* [Instructions for the task] The stretch wanted below opens at the line containing "The drawing above" and closes at the line containing "Szafka podumywalkowa wyróżnia". Please return it exactly, with no other lines.

* [Exercise data]

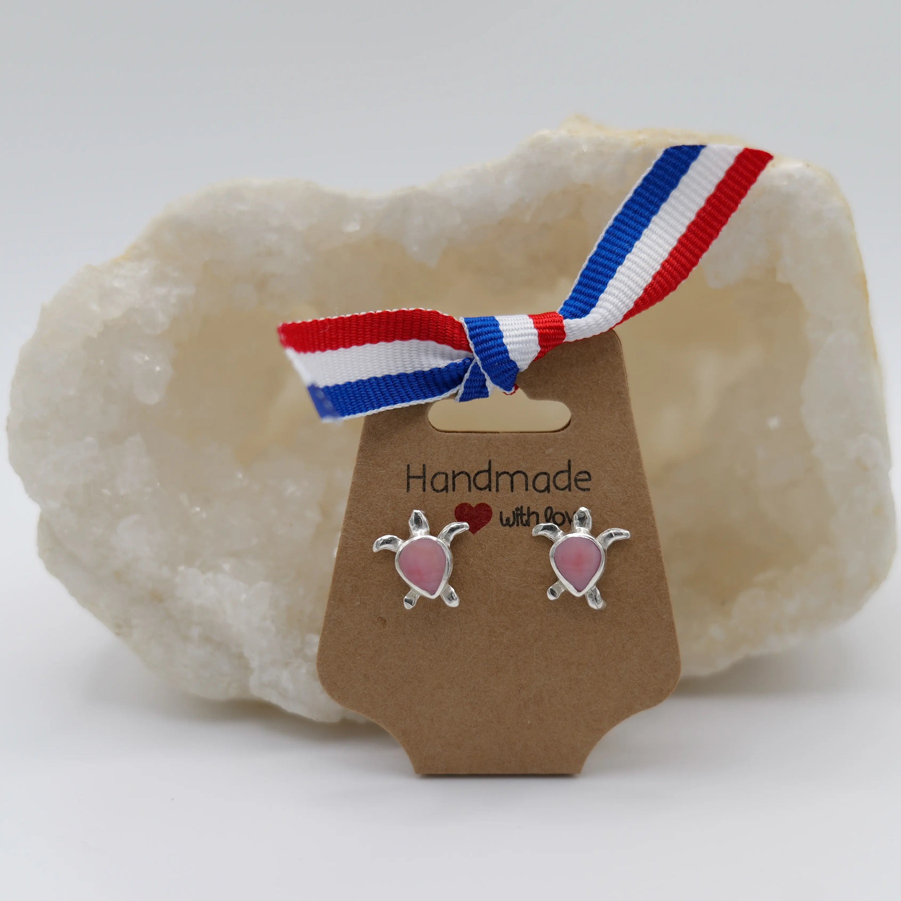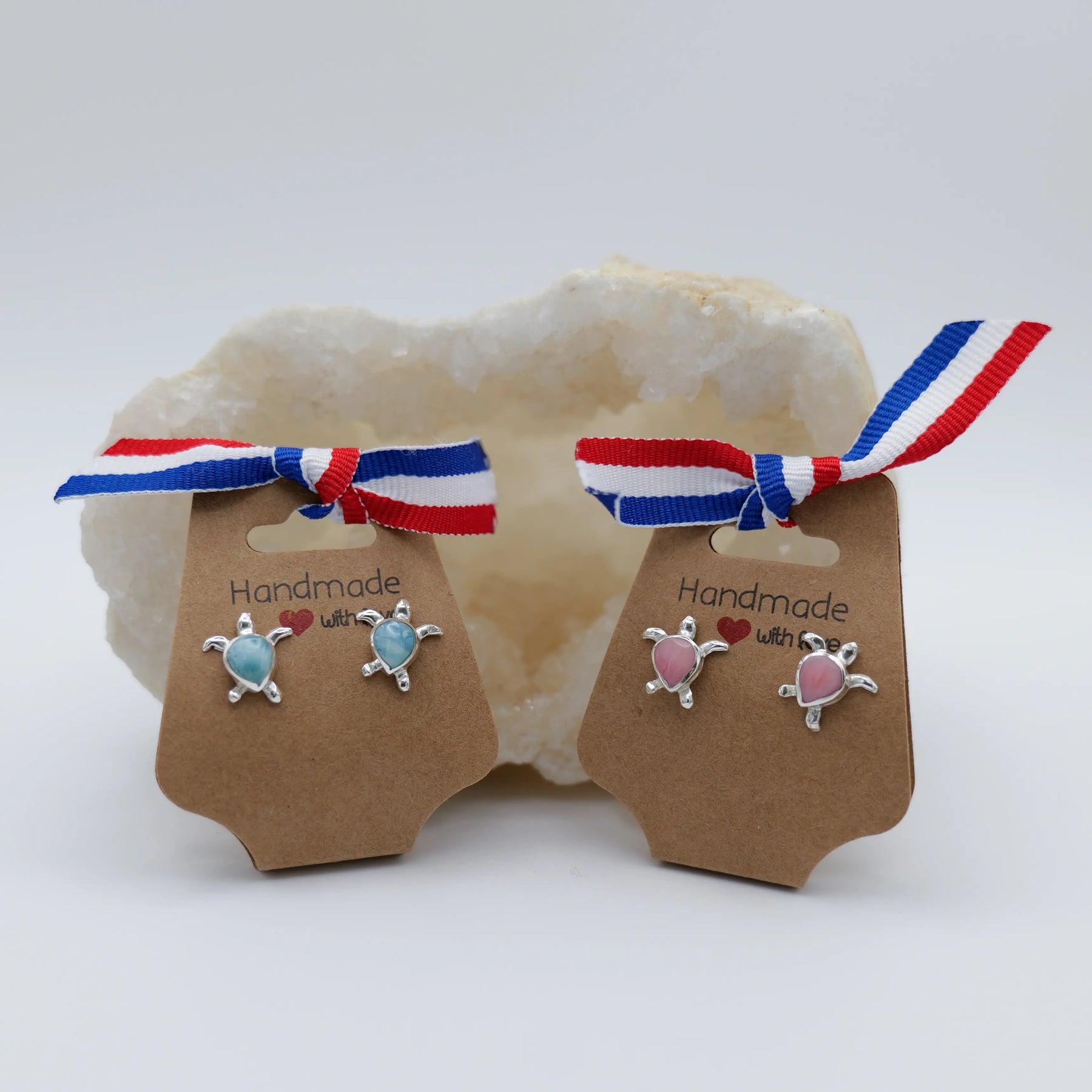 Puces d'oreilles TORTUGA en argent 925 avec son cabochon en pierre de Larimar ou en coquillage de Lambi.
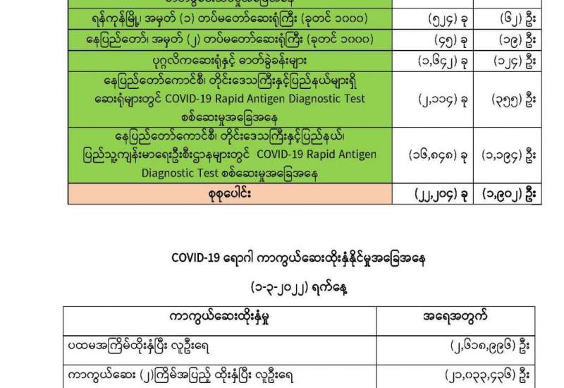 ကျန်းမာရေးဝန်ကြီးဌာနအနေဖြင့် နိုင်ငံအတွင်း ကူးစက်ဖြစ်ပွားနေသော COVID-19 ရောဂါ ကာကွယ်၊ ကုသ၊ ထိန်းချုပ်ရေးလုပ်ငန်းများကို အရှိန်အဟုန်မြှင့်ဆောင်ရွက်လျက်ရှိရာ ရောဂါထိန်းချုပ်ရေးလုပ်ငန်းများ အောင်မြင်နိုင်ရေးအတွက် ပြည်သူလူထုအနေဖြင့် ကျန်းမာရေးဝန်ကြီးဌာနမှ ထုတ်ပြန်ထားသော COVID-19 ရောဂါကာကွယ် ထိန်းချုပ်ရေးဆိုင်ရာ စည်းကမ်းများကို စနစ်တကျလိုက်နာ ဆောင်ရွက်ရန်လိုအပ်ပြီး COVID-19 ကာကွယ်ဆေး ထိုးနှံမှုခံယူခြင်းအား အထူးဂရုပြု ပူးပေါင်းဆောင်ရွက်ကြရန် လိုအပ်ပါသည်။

---

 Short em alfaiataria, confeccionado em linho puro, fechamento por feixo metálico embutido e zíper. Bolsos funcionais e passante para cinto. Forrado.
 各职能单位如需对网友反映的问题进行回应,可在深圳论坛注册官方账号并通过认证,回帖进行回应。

---

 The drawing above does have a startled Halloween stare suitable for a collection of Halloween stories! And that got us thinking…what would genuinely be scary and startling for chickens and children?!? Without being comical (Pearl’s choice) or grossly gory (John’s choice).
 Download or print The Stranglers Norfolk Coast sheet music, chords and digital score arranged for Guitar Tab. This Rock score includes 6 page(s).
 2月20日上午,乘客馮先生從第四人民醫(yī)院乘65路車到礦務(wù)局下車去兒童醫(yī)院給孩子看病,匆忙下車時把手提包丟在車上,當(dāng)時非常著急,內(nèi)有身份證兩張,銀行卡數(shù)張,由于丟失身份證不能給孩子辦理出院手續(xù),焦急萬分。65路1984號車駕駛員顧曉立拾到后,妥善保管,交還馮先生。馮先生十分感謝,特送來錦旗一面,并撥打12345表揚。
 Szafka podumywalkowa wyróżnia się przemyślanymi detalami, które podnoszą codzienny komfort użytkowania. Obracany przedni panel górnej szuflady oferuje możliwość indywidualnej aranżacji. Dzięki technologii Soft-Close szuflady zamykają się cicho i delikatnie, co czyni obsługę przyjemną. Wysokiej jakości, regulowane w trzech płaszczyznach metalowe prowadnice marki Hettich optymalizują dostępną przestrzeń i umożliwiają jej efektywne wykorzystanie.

* [Task solution]
 The drawing above does have a startled Halloween stare suitable for a collection of Halloween stories! And that got us thinking…what would genuinely be scary and startling for chickens and children?!? Without being comical (Pearl’s choice) or grossly gory (John’s choice).
 Download or print The Stranglers Norfolk Coast sheet music, chords and digital score arranged for Guitar Tab. This Rock score includes 6 page(s).
 2月20日上午,乘客馮先生從第四人民醫(yī)院乘65路車到礦務(wù)局下車去兒童醫(yī)院給孩子看病,匆忙下車時把手提包丟在車上,當(dāng)時非常著急,內(nèi)有身份證兩張,銀行卡數(shù)張,由于丟失身份證不能給孩子辦理出院手續(xù),焦急萬分。65路1984號車駕駛員顧曉立拾到后,妥善保管,交還馮先生。馮先生十分感謝,特送來錦旗一面,并撥打12345表揚。
 Szafka podumywalkowa wyróżnia się przemyślanymi detalami, które podnoszą codzienny komfort użytkowania. Obracany przedni panel górnej szuflady oferuje możliwość indywidualnej aranżacji. Dzięki technologii Soft-Close szuflady zamykają się cicho i delikatnie, co czyni obsługę przyjemną. Wysokiej jakości, regulowane w trzech płaszczyznach metalowe prowadnice marki Hettich optymalizują dostępną przestrzeń i umożliwiają jej efektywne wykorzystanie.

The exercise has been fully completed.